British Cycling President Brian Cookson 'Boldly' Predicts Victory For UCI Presidency
British Cycling President Brian Cookson has "boldly predicted an emphatic victory" over Int'l Cycling President Pat McQuaid for UCI presidency, according to Ben Rumsby of the London TELEGRAPH. Cookson needs 22 of the 42 votes at the election in Florence on Sept. 27 to be elected UCI president. He claimed that he "had been pledged enough support to win comfortably." Cookson has spent the last month traveling around the world lobbying continental confederations, a policy "that paid off spectacularly" on Sunday when European federations voted 27-10 to back him over McQuaid. All 14 of their delegates are "now mandated to vote for Cookson," something that "would leave him needing eight more votes." Cookson: "It's not guaranteed. And what we've still got to do is keep the pressure on. Elections can be won and lost in the last few days and it's very important that we don't take any of that for granted." Cookson was expecting his European support "to be bolstered" by that of Oceania, which has three votes, parts of Pan-America, which has nine, and at least some of Africa, which has seven (TELEGRAPH, 9/17).

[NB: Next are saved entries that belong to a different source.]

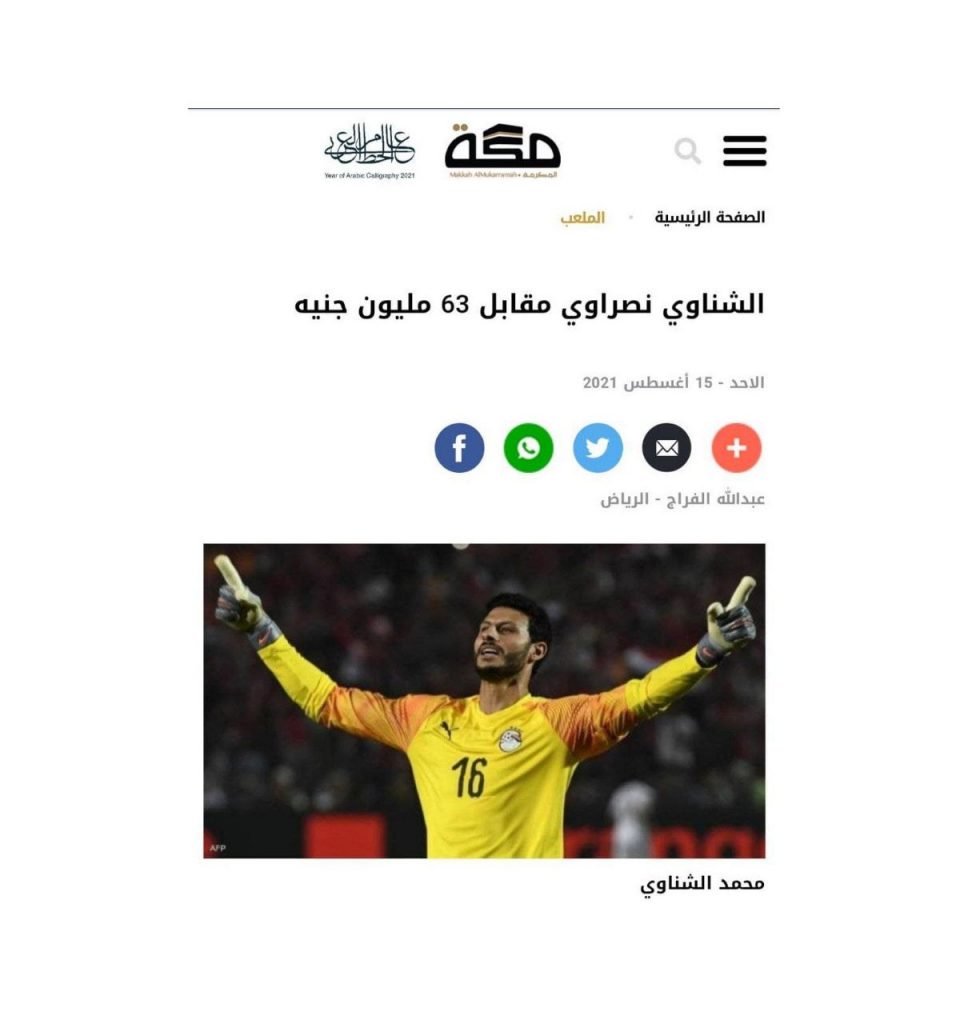 🔸از چندی پیش اخبار فراوانی پیرامون علاقه النصر به محمد الشناوی گلر تیم الاهلی مصر در رسانهها منتشر شد ولی دو باشگاه با تکذیب این خبر، مدعی شدند مذاکرهای برای حضور سنگربان تیم ملی مصر در فوتبال عربستان انجام نشده است.🔸اما روزنامه مکه در شماره امروز خود مدعی شد که کار این انتقال تمام شده است. این روزنامه به نقل از یک منبع آگاه در باشگاه الاهلی مصر نوشت کار انتقال محمد الشناوی دروازهبان ملیپوش الاهلی به النصر، پس از پایان لیگ مصر انجام خواهد شد. شرط این انتقال، پرداخت هزینه ۶۳ میلیون پوند مصری (واحد پول این کشور) از سوی النصر است.🔸اگرچه حامد الحدیدی مدیربرنامه این بازیکن در گفتگو با رسانههای مختلف مذاکرات النصر با موکلش را تکذیب کرد، اما این منبع تأیید کرد که تقریباً مسائل مربوط به باشگاه النصر از طریق یکی از میانجیگران که قبلاً انتقالات چشمگیری را در فوتبال عربستان به ثبت رسانده، قابل حل است.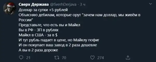 Русские пользователи соцсетей отреагировали на эти обвалы не так оптимистично. Но судя по реакции в социальных сетях, никто и не думает паниковать.
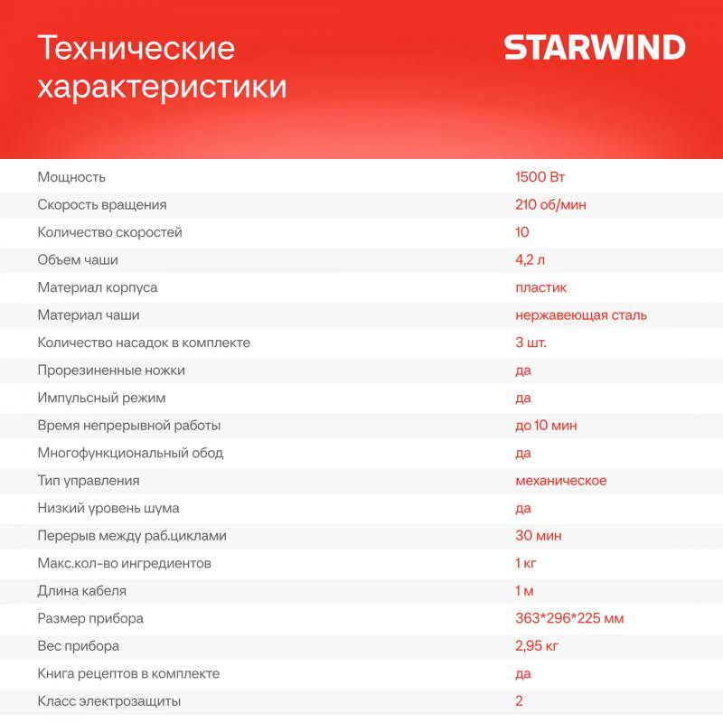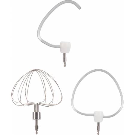 - Миксер; чаша; насадка-крюк; насадка-венчик; насадка-лопатка; инструкция с гарантийным талоном; книга рецептов; мультифункциональный защитный обод

LIVELY CAMPAIGN: In London, Donald McRae wrote sports governance "usually features dry exchanges between anonymous administrators." However, this contest's "bruising machinations, leaked dossiers and accusations of corruption and 'gangster politics' underline why the outcome is much more significant than a typical bureaucratic vote." Cookson "smiles when it is pointed out that his apparent electoral lead is partly built on the 'Anyone But McQuaid' ticket." Does he "mind being dismissed as the 'Vanilla' candidate?" Cookson: "Well, who else put their head above the parapet? All 170-odd federations had the opportunity to nominate someone -- but no one else has done. I've got the confidence of lots of people." In sometimes choosing not to answer simple questions, Cookson has been criticized as a career politician when he strives to be a genuine cycling man who "shares the overwhelming distaste for corruption and subterfuge." McQuaid and Cookson "stress their resolve against doping and argue that the sport has made substantial progress." Cookson, however, "differs from McQuaid in campaigning for an anti-doping agency that operates independently of the UCI." McQuaid's removal "would seem to be crucial in rekindling respect for the UCI" (GUARDIAN, 9/17).